━━━━━ PROVIDED DATA ━━━━━

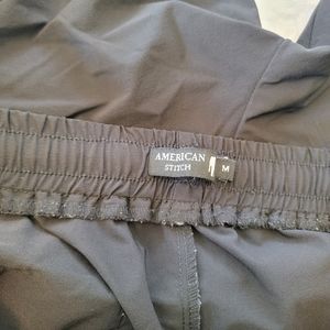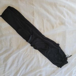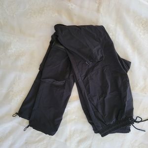 Black, lightweight cargo pants.Made by American Stitch. Featuring 6 pockets and a drawstring at the waist as well as at the bottom of the pants. These pants are long, inseam measuring 34".
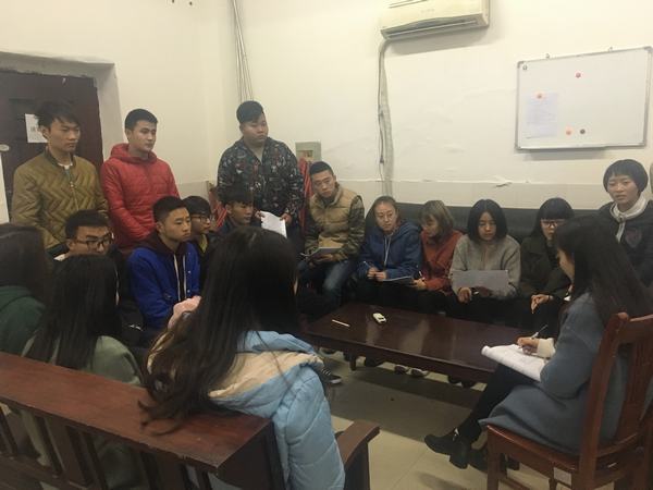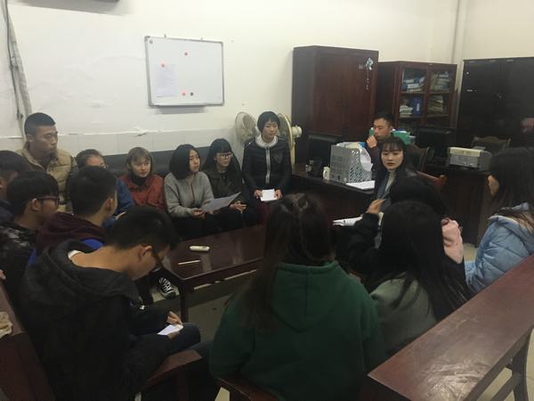 2017年3月15日晚在2415办公室,例行召开班委会。15级建筑1、2班,15级汽销班全体班委参加会议。系辅导员辜蕾蕾主持会议。
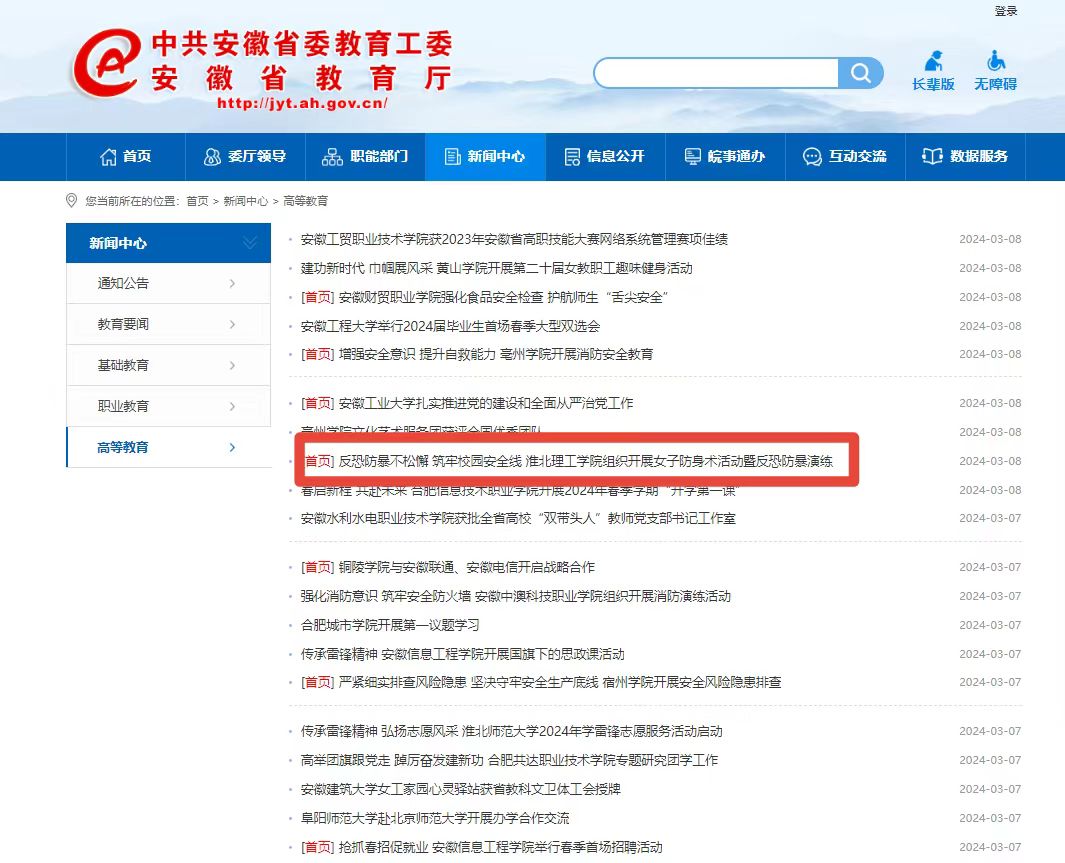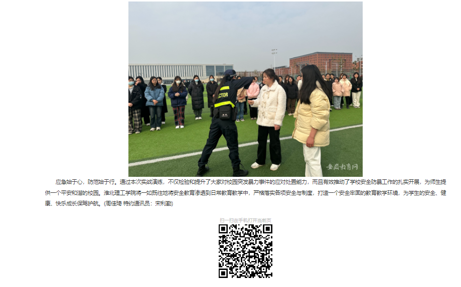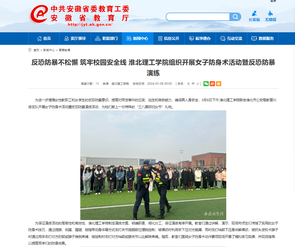 为进一步增强女性教职工和女学生的反恐防暴意识,提高对突发事件的应变、逃生和自救能力,确保其人身安全,3月6日下午,beat365英国官方网站联合淮北市公安局教育训练支队开展女子防身术活动暨反恐防暴演练活动,为她们献上一份特殊的“三八国际妇女节”礼物。对此,安徽教育网进行了报道:
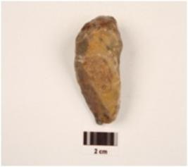 | Description / विवरण | A scraper made on quartzite end struck flake, concave in section, unifacial diffused bulb on ventral side, visible cortex on dorsal side, use wear marks on cutting edges. |
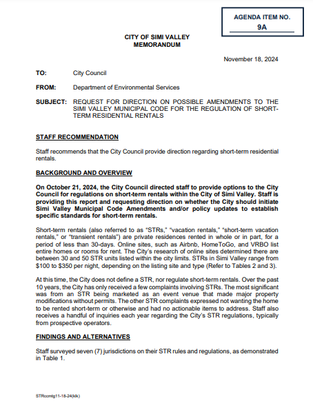 The Simi Valley City Council is taking steps toward regulating short-term rentals (STRs) instead of banning them, following resident complaints about neighborhood disruptions and the potential transformation of the “Poltergeist” house into a rental and event space.

━━━━━

• [TASK PROMPT]: If a record holds a picture, leave the picture out and print everything else exactly.

• [ANSWER AREA]:
 Black, lightweight cargo pants.Made by American Stitch. Featuring 6 pockets and a drawstring at the waist as well as at the bottom of the pants. These pants are long, inseam measuring 34".
 2017年3月15日晚在2415办公室,例行召开班委会。15级建筑1、2班,15级汽销班全体班委参加会议。系辅导员辜蕾蕾主持会议。
 为进一步增强女性教职工和女学生的反恐防暴意识,提高对突发事件的应变、逃生和自救能力,确保其人身安全,3月6日下午,beat365英国官方网站联合淮北市公安局教育训练支队开展女子防身术活动暨反恐防暴演练活动,为她们献上一份特殊的“三八国际妇女节”礼物。对此,安徽教育网进行了报道:
 | Description / विवरण | A scraper made on quartzite end struck flake, concave in section, unifacial diffused bulb on ventral side, visible cortex on dorsal side, use wear marks on cutting edges. |
 The Simi Valley City Council is taking steps toward regulating short-term rentals (STRs) instead of banning them, following resident complaints about neighborhood disruptions and the potential transformation of the “Poltergeist” house into a rental and event space.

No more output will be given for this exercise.